5 ways to improve your high risk users campaign06 August 2018
High risk users (HRUs) hold the critical ‘keys to the kingdom’ of any organisation and, as such, represent a cybersecurity risk that no CISO should overlook.
Their privileged credentials make them a prime target. If their details were compromised, they could give a cybercriminal unparalleled access to your company’s most sensitive information.
As the cybersecurity landscape continues to evolve, we need more than just technical protections such as firewalls, anti-virus and access controls. Those may build our outward-facing ‘castle walls’ but, inside the keep, we also need a human firewall.
Cybercriminals will always find new ways to breach our defences, so a culture of ongoing awareness is vital.
And don’t forget, human error can also play a big part in cybersecurity incidents. When it’s privileged employees, those mistakes can be even more costly.
Here are a few key suggestions to consider when planning your campaign for high risk users.
1. Engage with HRUs as people
Behind every role, there is a person handling your company’s sensitive data.
CISOs should empower these employees to be a robust front-line defence against cybersecurity risks.
Employees who understand why they need to change their behaviour are more likely to care and be motivated to engage with such change.
They are also more likely to engage when your awareness materials can be applied outside of the work environment.
By reinforcing how behaviours around cybersecurity can help them and their family at home, you are giving them more reasons to care about what you have to say.
This holistic approach can demonstrate that you understand them as people, as well as handlers of your company’s information.
2. Focus groups
CISOs need to understand their company’s office culture and where the knowledge gaps are.
Focus groups are an effective analysis tool that can help you do this. Use them to investigate behaviours and establish what will work best for your HRUs.
Using focus groups will allow you to hear what your HRUs have to say and understand their fears, motivations, values and awareness. With that knowledge, you can tailor training specifically to them.
Discussion platforms such as focus groups can add a human element to your research, especially if you are using a traditional but less personal survey. It will give you a deeper understanding of quantitative data and the explanations behind responses.
The groups can also be a great source of real-life anecdotes that can add context for best practice behaviour and help your HRUs understand the ‘why?’ behind the need for behavioural change.
3. Face-to-face training
It’s important to not simply rely on Powerpoint slides, leaflets or e-Learning courses as your primary awareness training channels.
While these can be effective and certainly reduce costs, there are circumstances where face-to-face training is the more effective learning solution.
This type of training can provide focus because there are no phone calls, emails or colleagues to distract employees. It takes them out of their usual environment and puts them in one designed to achieve a specific goal.
Face-to-face training provides a safe environment for employees to raise, in confidence, the problems they face and gives them the opportunity to ask questions and establish a dialogue with the instructor.
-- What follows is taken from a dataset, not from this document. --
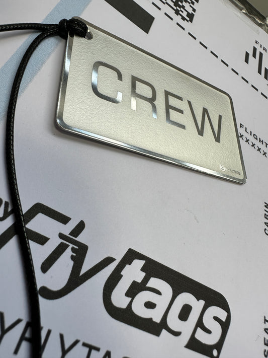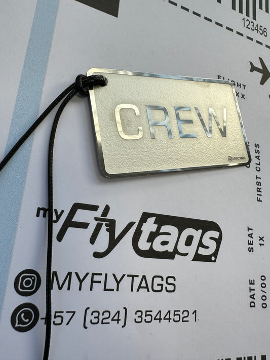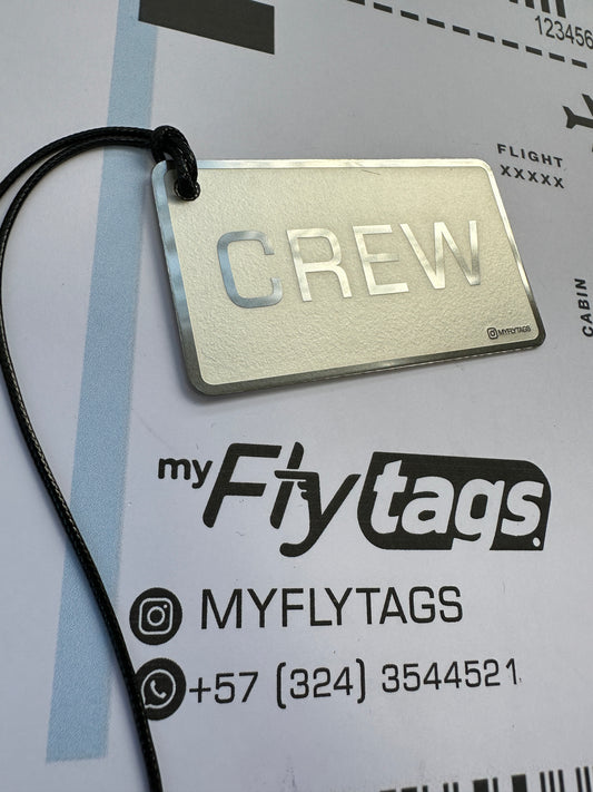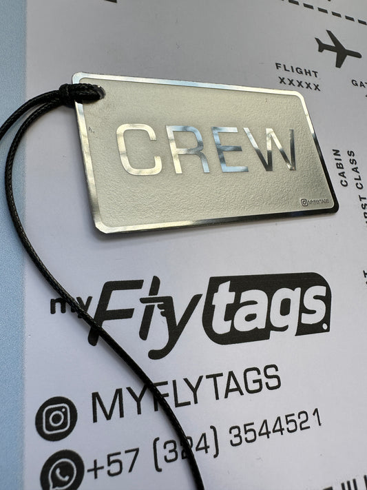 Crew tags metálico fabricado en acero inoxidable, tamaño 8.5 cm x 5 cm, doble cara o grabado por ambos lados, terminación luxury con proceso totalmente artesanal

They are also able to practice their newly acquired skills with the instructor and understand how to apply them in the real world.
In the training room, they can break down departmental barriers and build relationships with each other to share experiences, advice and support. Encouraging people from different business units to interact in this way can help foster better inter-departmental working relationships.
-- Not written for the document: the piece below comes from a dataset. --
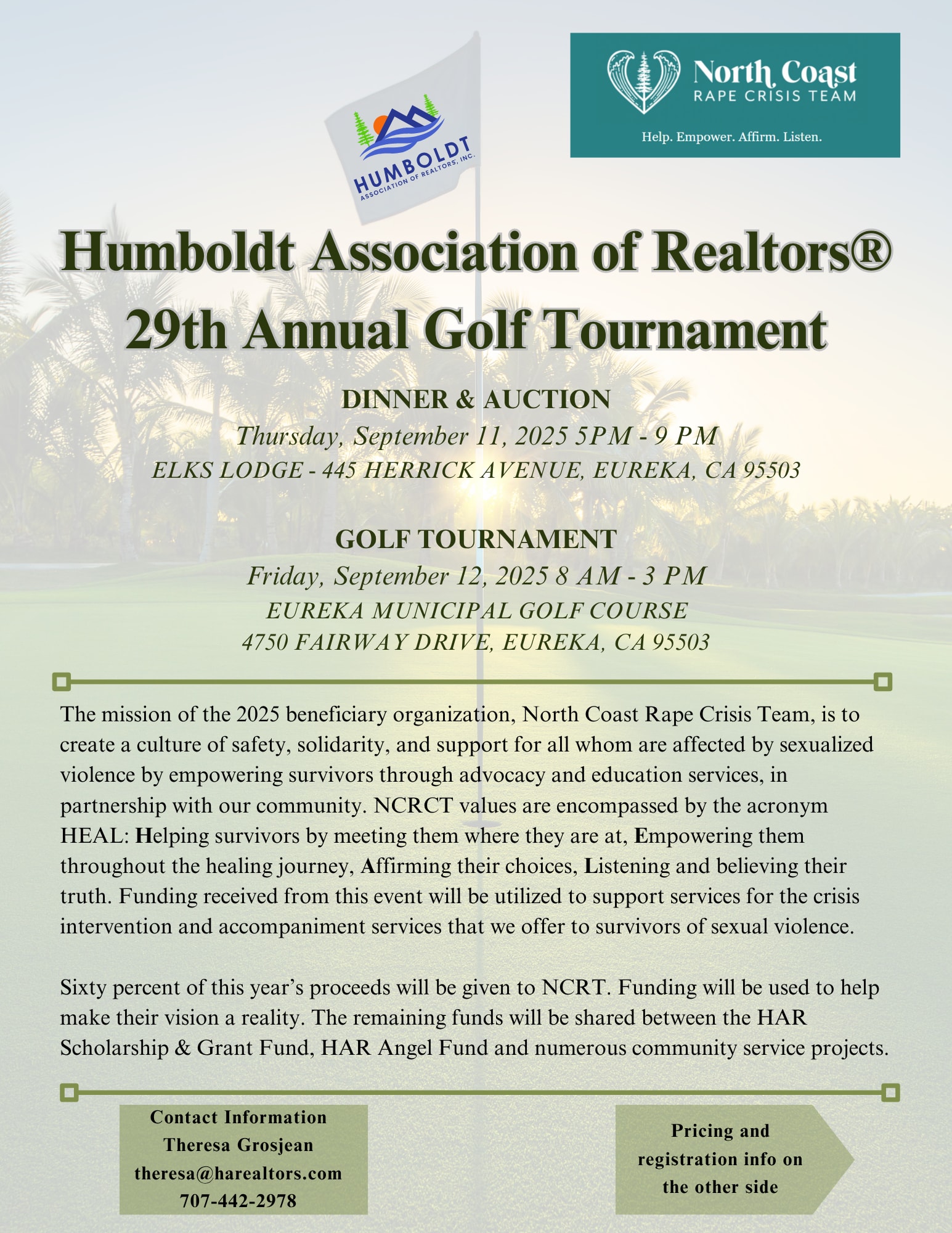The Golf Tournament will be held at the Eureka Municipal Golf Course, 4750 Fairway Drive, Eureka.

4. Get support from management and the board
Training employees only goes so far – you also need support from management and the board for your campaign to be successful.
Of course, if top executives lead by example, it shows that the rules apply to them too and gives your users a clear incentive to comply. It says that your key messages and best security practices are important and must be followed.
But, also ensure your middle management teams understand the importance of your HRU campaign; getting them to champion it is vital. Privileged users are often some of the most critical resources in your organisation and their time is at a premium.
5. What’s in a name?
Possibly quite a lot when it comes to convincing employees to make meaningful changes in their behaviour. And while ‘high risk user’ may work well for the information security team, what does that term imply to those being labelled?
‘High risk’ has potentially negative connotations that could make them feel they are the ones at risk, or that their behaviour is ‘risky’ – which is not the case.
CISOs and information security teams need to think about how HRUs work every day and understand what their roles entail.
Consider referring to them as ‘privileged users’ to give them recognition of how their level of access sets them apart from other employees, especially when communicating with them directly.
High risk users present a unique challenge for CISOs, so it’s important to plan your engagement campaign carefully to guarantee its success.
HRUs may feel under pressure from their extra privileges because they don’t want to be the ones to cause a security incident.
You need to do your research and listen to what your HRUs have to say to truly understand the people behind the roles, the culture they work in and the issues they face every day.
Don’t be afraid to try something different and remember, an informed campaign is an effective campaign.